Tydzien czasu smigałam 30min z rana a sniadanko dopiero po 2h.
Ale chce to zmienic..nie zawsze mam ochote rano..czasem po obiedzie...
i nie wiem :roll: Boje sie ze jak od obiadu do rowerka minie zbyt maly odstep czasu, to pojdzie mi w mieśnie, zamiast spalac tłuszcz... :cry:
Co myślisz?
-
Ale zes sie kobito zaparla :) Pedzisz jak burza :) Napewno osiagniesz swoj cel o wiele szybciej niz to zalozylas :)
Jestes moim autorytetem :)
Jak wroce z Rzeszy to zaczynam dietke tak ostro jak ty, ten pamietnik bedzie mnie prowadzil :)
-
Czesc Dziewczyny :D
Fajnie ze piszecie. Juz myslalam, ze to bedzie autobiografia, pisana wylacznie przeze mnie :D
Ja autorytetem? :D Dzieki, to zobowiazuje :D Faktycznie sie zaparlam. I nie popuszcze dopoki nie osiagne swojego celu :D
Aniu, ja jezdze na rowerku... jak to nazwac... mobilnym :D Stacjonarny tez posiadam, ale kiedy jest cieplo zdecydowanie wole jezdzic na takim "prawdziwym". Szczerze mowiac, to nie mam pojecia jak sie ma pora pedalowania do efektow. Ja chyba nie zwracam wiekszej uwagi na to czy jezdze po czy przed posilkiem. Nie wiem czy to ma znaczenie, byc moze. Ja jezdze najczesciej rano, po sniadaniu.
Buziaki!
-
Hej dziewczyny jeśli pozwolicie to i ja się do was przyłącze.

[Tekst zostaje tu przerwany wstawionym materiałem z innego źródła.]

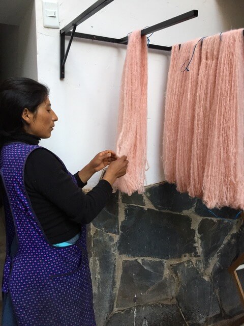 Hug & Hum uses 100% baby alpaca from Peru. That is also where all the spinning and knitting is done. We work together with a knitwear atelier located in Peru, that employs local, socially vulnerable women, allowing them to earn a fair income to support themselves and their families. Recently, we started a similar collaboration with a social enterprise that produces all- natural botanically dyed yarns, in small batches by the skilled hands of local women artisans. They use plants they find in the mountains to dye the alpaca yarns in new, exclusive colours for Hug & Hum. By working together with social enterprises we want to bring warmth and softness not only to the people who wear the collection, but also to those who make it.
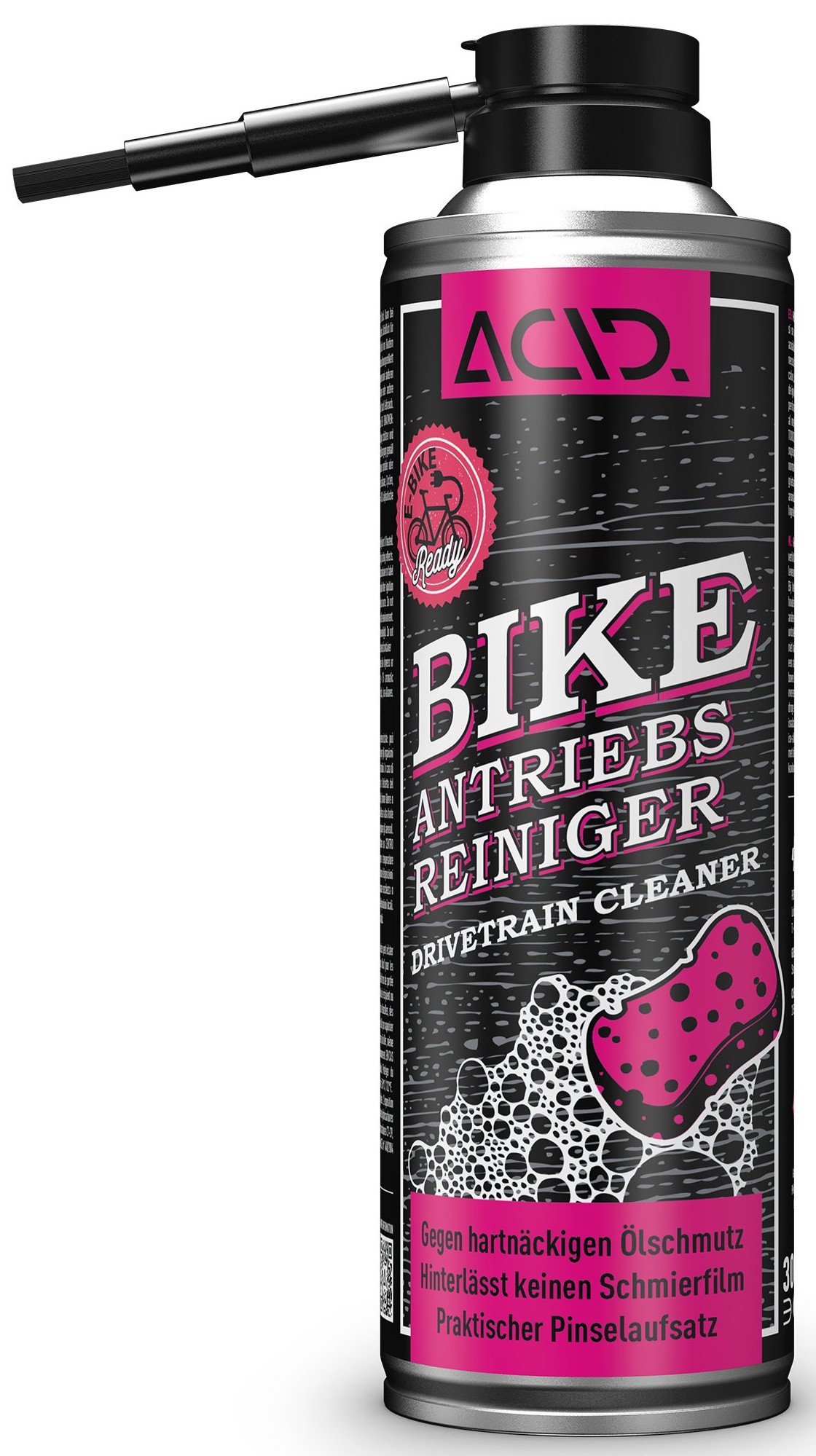 The ACID Bike Drivetrain Cleaner has been specially developed to remove old oil deposits, sand and other stubborn dirt from the drivetrain of bicycles without affecting the essential basic lubrication. With its practical brush attachment, the cleaner also reaches inaccessible gaps to achieve a thorough cleaning result. The high quality guarantees reliable and effective cleaning. If unpainted surfaces and carbon are indirectly affected by the cleaning process, compatibility with the surface should be tested in advance on an inconspicuous area.

Kilka słów o mnie tak więc mam 22 lata moja obecna waga to ok. 60 kg nie wiem dokładnie bo wysiadły mi baterie w wadze i jakoś nie umiem sobie kupić nowych :lol: przy wzroście 170cm. Pół roku temu ważyłam 76kg i nie było to wczale przyjemnie a wręcz okropne i do tego te rozmiary 46 - ubrania. Stosując dietę ok. 1000 kcal niekiedy mniej niekiedy więcej ale częściej te pierwsze doszłam do obecnej wagi a dążę do 55 kg i jak naj mniej w biodrach :wink: , do tego stosowałam masaże drewnianą szczotką i prawie codziennie rowerek stacjonarny tyle na ile mi siły pozwalały. Hmm myśle że na pierwszy raz wystarczy tego o mnie.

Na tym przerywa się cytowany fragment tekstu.